Consumer Protection expects that if you are unable to use the gift card while the business is temporarily closed, that the supplier will consider:
- reimbursing the remaining value on the gift card;
- extending the expiry period; or
- amending the terms so you can use it online, if that’s a possibility.
If you are unable to contact the business, or do not have any luck in resolving your issue, come to Consumer Protection.
I left my goods at a business for repairs or alternations and the business has temporarily closed
due to COVID-19. What can I do?
Try to contact the business directly to negotiate the return of your goods. Generally speaking, most businesses will have a way to contact them so check a variety of channels.
If the business was unable to undertake the repairs or alterations as originally agreed due to COVID-19, you may be entitled to a refund of what you paid or you may be able to negotiate an extension of when the services can be supplied.
If you are unable to contact the business to negotiate the return of your goods or come to an acceptable resolution, come to Consumer Protection.
I have a gift card, or paid for a series of services in advance, and the business has closed permanently.
What can I do?
If a business has become insolvent, you may become an ‘unsecured credit’ if you have:
- Bought or received a gift card and have not used it;
- Been issued with a credit note; and/or
- Paid in advance for products or services.
If the business continues to trade under the control of an external administrator, you may still receive products or services that you have paid for, or be able to use gift cards or credit notes to some extent.
If you have concerns with regard to a closed business, contact Consumer Protection for more advice or see our Insolvency page.
Is excessive pricing legal?
A person who has purchased essential goods in a retail transaction on or after 30 January 2020, and for the period of the COVID-19 emergency, is prohibited from on-selling the same goods for more than 120 per cent of the original purchase price.

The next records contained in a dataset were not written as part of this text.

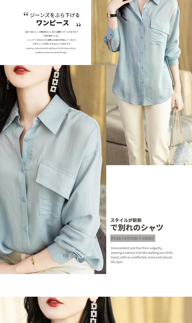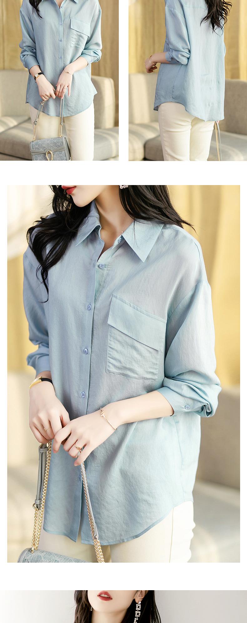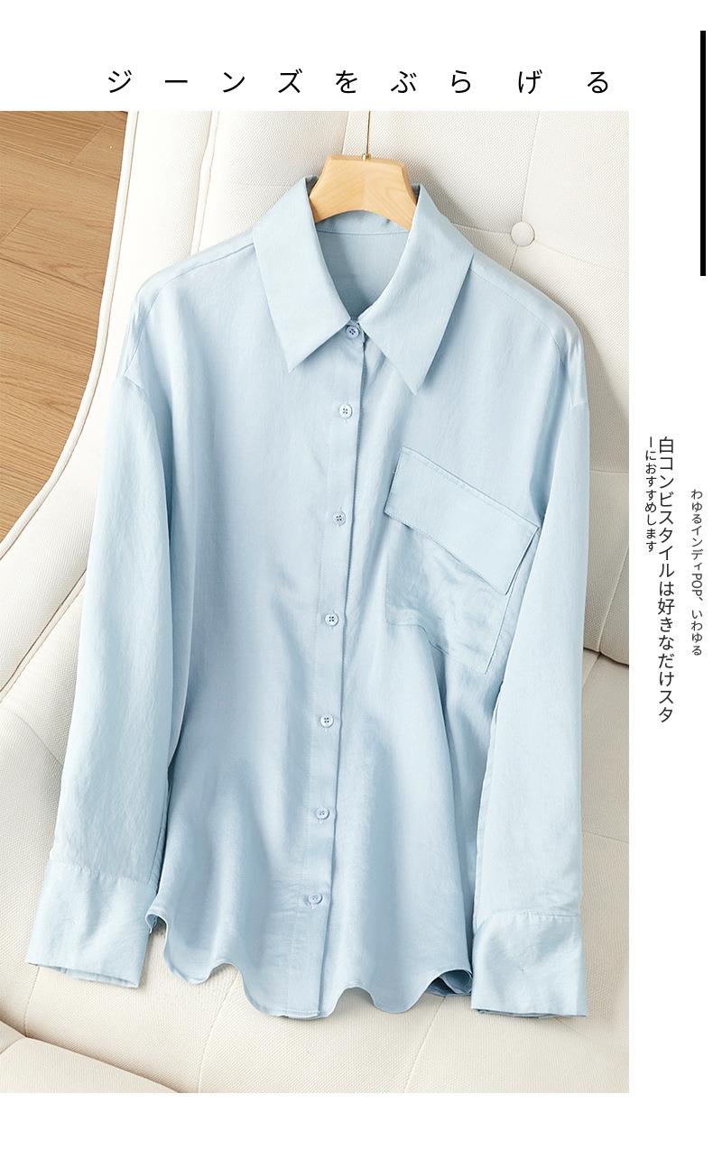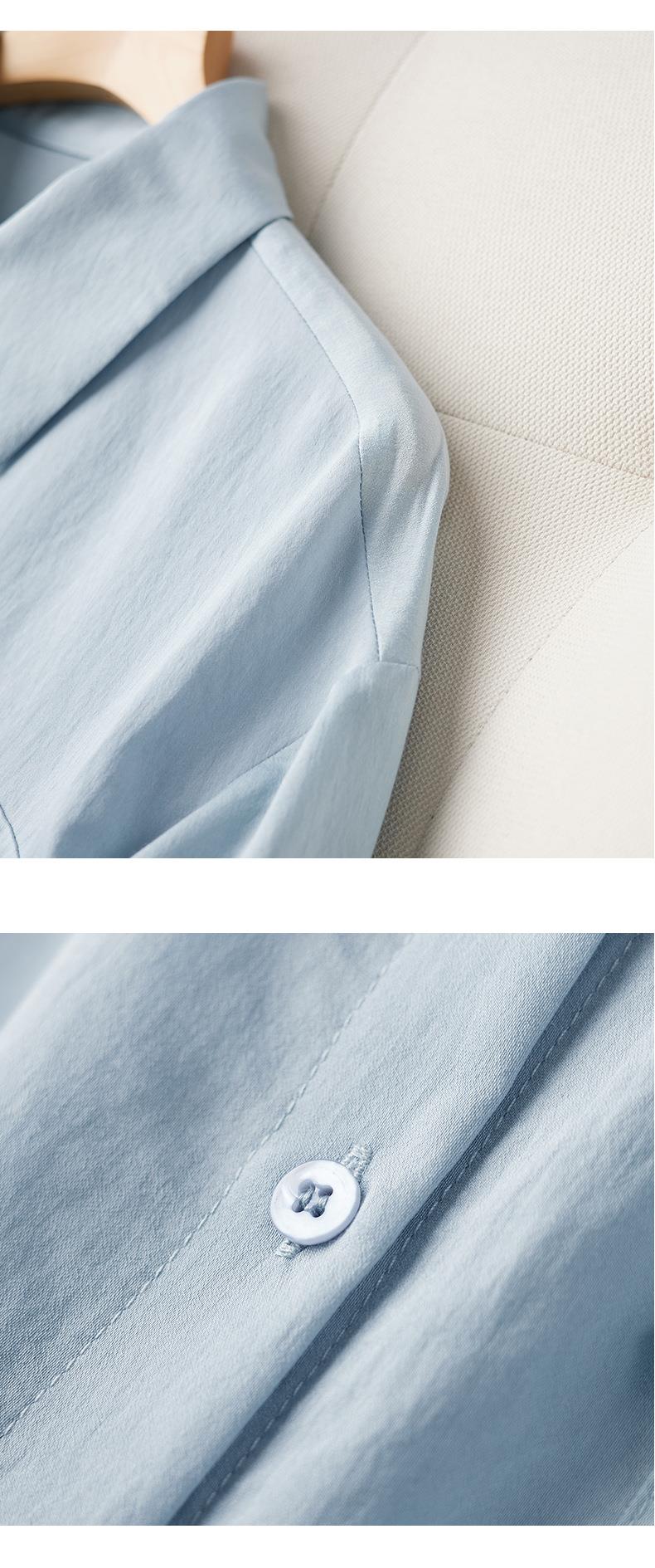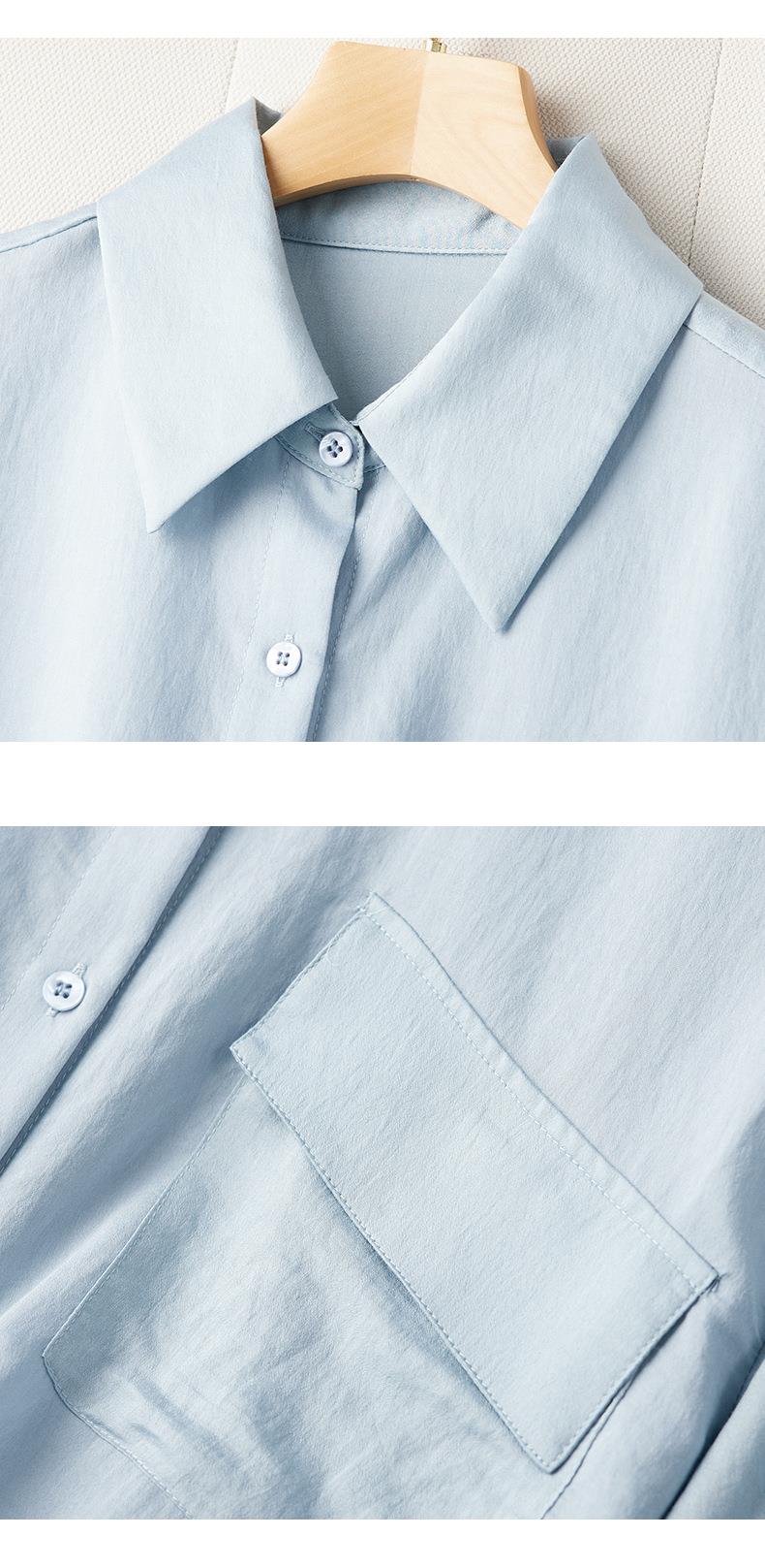 港风2023秋装新款雪纺衫衬衫女长袖简约蓝女士衬衣2207
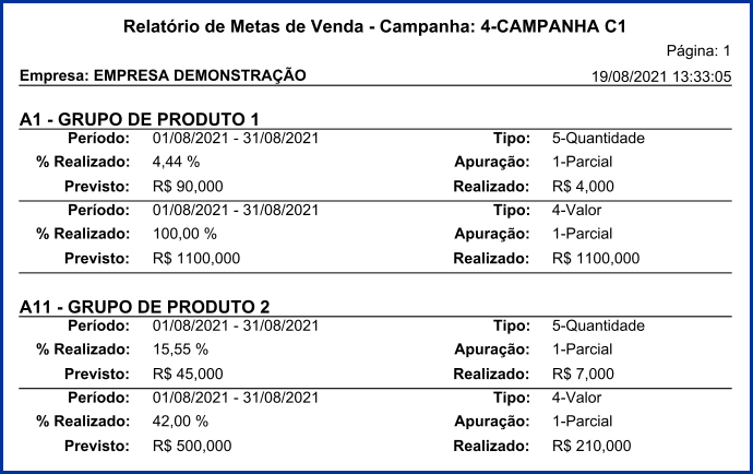 Após o cadastramento de campanhas e metas de venda é possível visualizar todas as informações na forma de um relatório impresso. O modelo utilizado para impressão de metas permite configuração, possibilitando que o relatório seja formatado como for desejado. A impressão das metas de venda está disponível no menu FAT 4.D-J.
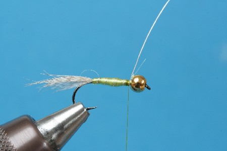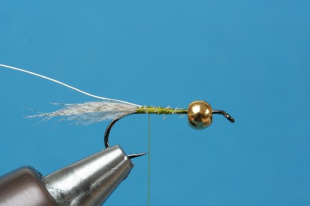 - Nymphenhaken für Goldköpfe (etwas verlängert) Gr.10 - eine Goldkopfperle aus Messing oder Wolfram - Bindefaden Stärke 8/0 – helloliv - Silberdraht ca. 0,2 mm - eine Entendeckfeder für den Schwanz - grobes Dubbing, hier Fuchs - Acetat-Floss in Helloliv für den Körper und in Schwarz für die Flügelscheide <= Montieren Sie den Goldkopf

The initial purchase must have been a ‘consumer-facing’ or retail transaction, rather than wholesale purchases made by major suppliers, manufacturers or legitimate business activities.
What are essential goods?
Any of the following used to limit the transmission of COVID-19 are considered essential goods:
- disposable face masks;
- disposable gloves;
- disposable gowns;
- goggles, glasses or eye visors;
- alcohol wipes;
- hand sanitiser.
Report price gouging of essential goods via the AFP website.
Is the private re-sale of consumer goods legal?
Yes, and private sellers can re-sell ordinary consumer goods, such as toilet paper, soap or pasta, and set the prices they choose. It is up to consumers to decide whether they pay the asking price.
However, there are rules around the sale of essential goods such as face-masks and hand sanitiser. See 'Is excessive pricing legal?' above.
How can members of the community who are isolating at home get important shopping such as medical suppplies and groceries?
Major supermarkets are offering online delivery services. Friends or relatives may also be able to help.
Australia Post has a Pharmacy Home Delivery Service to assist vulnerable members of the community or people in isolation to access essential medications.
The Department of Communities’ COVID-19 Enquiries Line may be able to help.
My Aged Care offers assistance in relation to food, meals, etc.
Are there any product safety issues when it comes to hand sanitiser?
Australian consumer law regulators are aware of incidents of children ingesting hand sanitiser. There is a safety alert with guidance on packaging and safe use tips for consumers.
Where can I get information about face masks?
Two relevant Department of Health factsheets can be found here:
Can a business insist on contactless payment?
There is no law that prevents a business from either refusing or insisting on a specific method of payment, however we encourage all businesses to clearly display their preferred method to prevent any confusion and ensure consumers are aware before their purchase.
Given the highly infectious nature of COVID-19 coronavirus, we encourage consumers to be patient with businesses who have introduced contactless payments as a safety measure for employees and customers.
I have ordered goods online since the pandemic was declared and delivery is delayed. What should I do?
Contact the supplier immediately to ask whether the goods are still available and when you can expect delivery.
Many businesses are struggling to manage delays in supply so we urge you to be patient and anticipate some deliveries may take longer than usual.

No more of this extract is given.